Static electricity usually conjures up images of Van de Graaff generators, crazy hair, sticking balloons to walls and the odd shock from an inappropriate clothing choice.

But when Classic Kit columnist Andrea Sella happened to mention a couple of months ago that the cause of static charging is still far from understood, my interest was piqued.

I had assumed from schooldays that it was all sorted out – you rub stuff and it gets charged. But when you think about it, what’s actually causing that charge buildup? Is it really electrons? Surely the work function – the energy required to displace an electron from the surface – of those materials is far higher than simply placing them in contact with another material? What about ions? Or both?  Or even bits of the materials themselves transferring over – as I found out researching my latest news piece?

So what’s really going on? The short answer is we really don’t know. That came across talking to Dan Lacks at Case Western Reserve University, US. Lacks told me that he’d originally got into looking at tribocharging when he was approached by a company with a project. ‘I thought it would be easy – I’d just read in the literature how it works and be able to simply solve their problem.’
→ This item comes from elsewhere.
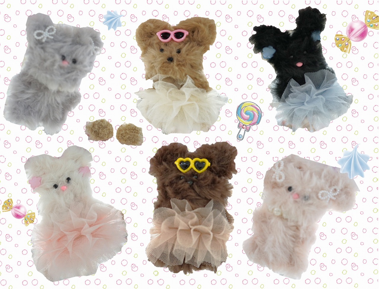 「クマ」と「うさぎ」にはサングラスと、ボトムスにはふわふわのチュールを付ける事が出来ます。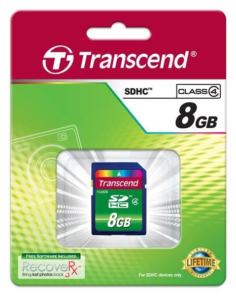 TRANSCEND SDHC karta 8GB Class 4Typ karty:SDHC; Kapacita uložiště:8 GB; Rychlostní kategorie:Class 4; Typické použití:Běžné použití.

Static charge on a Teflon surface touched repeatedly with an inflated and deflated rubber balloon © Wiley-VCH

It turns out to be significantly more complex, and seven years later Lacks is still pondering the issue. In a recent paper of his own, Lacks has shown that touching a rubber balloon to a Teflon surface charges it oppositely depending on whether it’s inflated or deflated, so straining a material changes how it charges.

Not only that, with the advent of modern microscopy techniques, it’s now possible to see what’s happening to charged surfaces at the nanoscale. Last year, Bartosz Grzybowski from Northwestern University, US, showed that – rather than one surface charging positively and the other negatively when 2 materials are rubbed together – both surfaces are covered with tiny mosaic patches of positive and negative charge, and a tiny imbalance of one over the other is responsible for the overall charge.

When you combine that result with his latest work on how nanoscale fragments of the materials are transferred between surfaces on contact, taking their charge with them, it becomes easier to see how material transfer can flip the polarity of the charge on two materials.

But it gets even more interesting when you start to think how that material transfer happens. Grzybowski says that it involves ripping polymer chains off the surfaces, which involves breaking covalent bonds. The same happens when you deform polymers – some of the bonds break and, according to Grzybowski, this produces radicals. If you have the polymers under water when you deform them, then you can produce hydrogen peroxide or stimulate other radical chemistry processes.

To demonstrate how effective the process is, Grzybowski’s team injected a solution of a boronate protected umbelliferone into the sole cavity of some Nike Air trainers. Walking around in the trainers produced enough radicals and H2O2 to cleave the boronate group and release fluorescent umbelliferone.

Fluorescent trainers - the next fashion craze? © Wiley-VCH

I’m not sure the people at Nike will be taking it up as a marketing gimmick (especially since you need a UV lamp to see the fluorescence), but it certainly shows that the charge and electronic behaviour of polymers is  mind-bogglingly complex and a potential source of some really interesting chemistry – harnessing polymers as a convenient source of mechanically produced radicals could have huge potential when you consider how many industrial and academic processes involve radical pathways.